Amogelang Motau

Personal information
- Full name: Amogelang Masego Motau
- Date of birth: 27 February 1997 (age 29)
- Place of birth: Modimolle
- Height: 1.62 m (5 ft 4 in)
- Position: Midfielder

Team information
- Current team: Club Tijuana
- Number: 17

Youth career
- Kanatla Ladies
- HPC

Senior career*
- Years: Team / Apps / (Gls)
- 2015–2016: University of the Western Cape
- 2017–2019: Oral Roberts Golden Eagles
- 2020–2024: University of the Western Cape
- 2025–: Club Tijuana / 28 / (1)

International career
- 2016: South Africa U20
- 2016–: South Africa

Medal record
Representing South Africa
Women's Africa Cup of Nations
| First place | 2022 Morocco |  |

= Amogelang Motau =

South African soccer player

Amogelang Masego Motau (born 27 February 1997) is a South African professional soccer player who plays as a midfielder for Liga MX Femenil side Club Tijuana and the South Africa women's national team.

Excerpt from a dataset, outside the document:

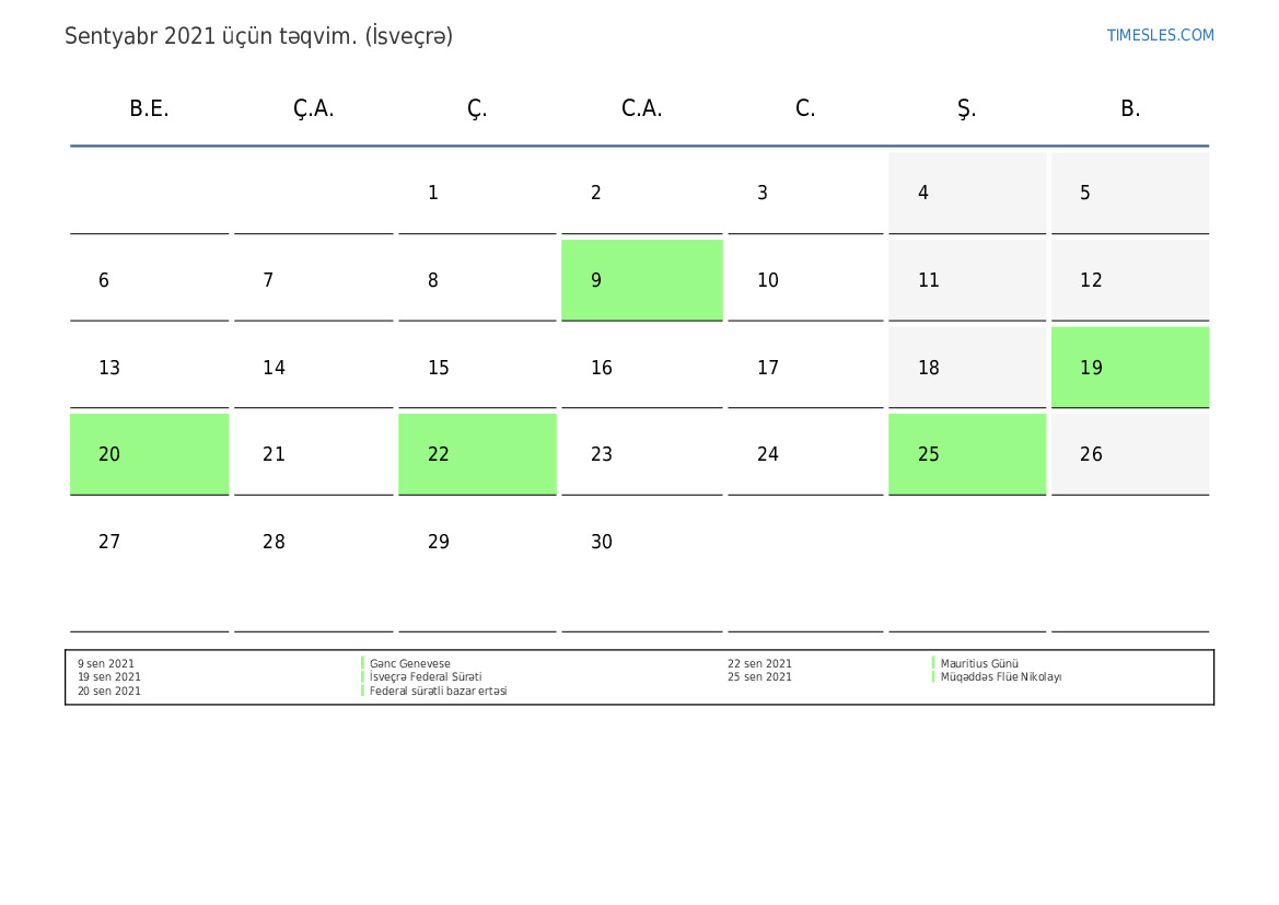 İsveçrə üçün Sentyabr 2021 üçün Tətillər və Həftə Sonları Təqvim

She was part of the Banyana Banyana team when they won their maiden continental title at the 2022 Women's Africa Cup of Nations.

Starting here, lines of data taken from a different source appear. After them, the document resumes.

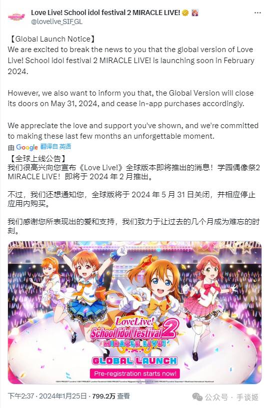 据说手游坟场SE有着“运营超过9个月就算胜利”的说法,而最近则有款“还没开服就宣布关服”的游戏,它就是国际服《Love Live!学园偶像祭2》,官方简称《sif2》。
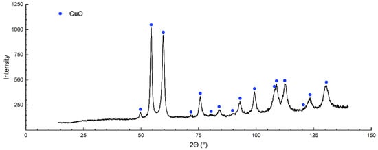 According to the obtained X-ray diffractogram of the microspheres’ sample based on copper oxide, the presence of a phase corresponding to the chemical composition of copper (II) oxide CuO was found (Figure 3). In addition, a significant widening of the maxima was observed, which could indicate a small size of the coherent scattering regions.
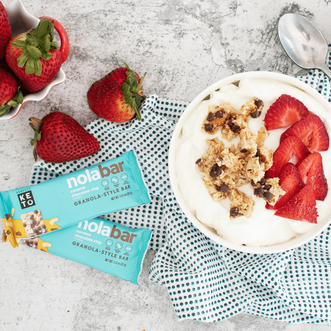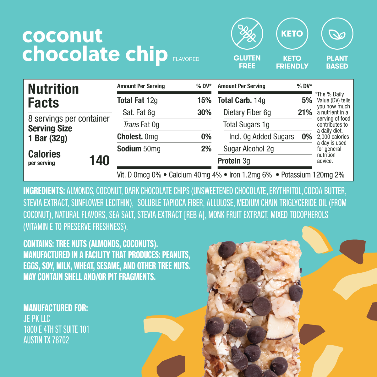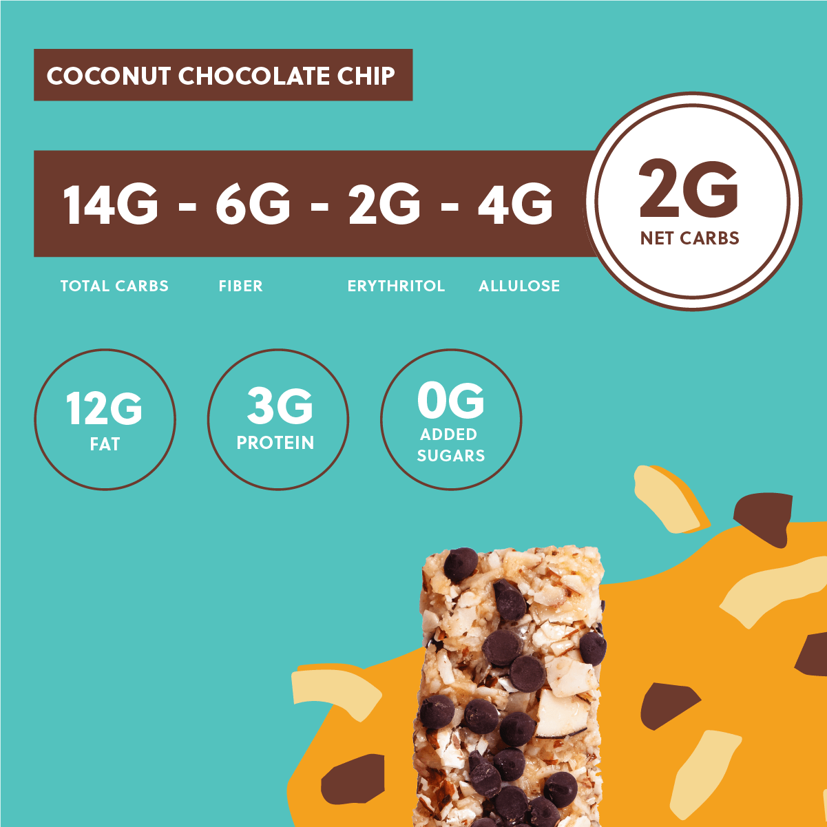 Barras de granola masticables, sin cereales y aptas para dieta keto, con el mismo sabor que las barritas de caramelo. Solo 1-3 g de carbohidratos netos por barra.

Motau captained the University of the Western Cape when they became the first university to win the COSAFA Women's Champions League and qualify for the CAF Women's Champions League in 2024. She was named in the group stage best XI at the 2024 CAF Women's Champions League.

She was named the 2024 SAFA Women's League Player of the Season.

== Personal life ==
In April 2023, she graduated from the University of the Western Cape with a Bachelor of Administration degree.

== Club career ==

=== University of the Western Cape ===
She captained the 2016 team that won the USSA title, the Western Cape Sasol Women's League, the Western Cape Coke Cup, and were runner's up in the Women's Varsity Football cup.

=== Oral Roberts Golden Eagles ===
In 2017, she joined Oral Roberts University in Oklahoma and was named in the 2018 Summit League All-League All-Freshman team.

=== University of the Western Cape ===
In 2024 she captained the university to the 2024 COSAFA Women's Champions League and also made it to the group stage best XI at the tournament. She was named in the group stage best XI at the 2024 CAF Women's Champions League.

She was named the 2024 SAFA Women's League Player of the Season.

=== Club Tijuana Femenil ===
In January 2025, she moved to Liga MX Femenil side Club Tijuana.

== International career ==
She captained the Basetsana team that lost out to Nigeria in the final round of matches at the 2016 African U-20 Women's World Cup qualifiers.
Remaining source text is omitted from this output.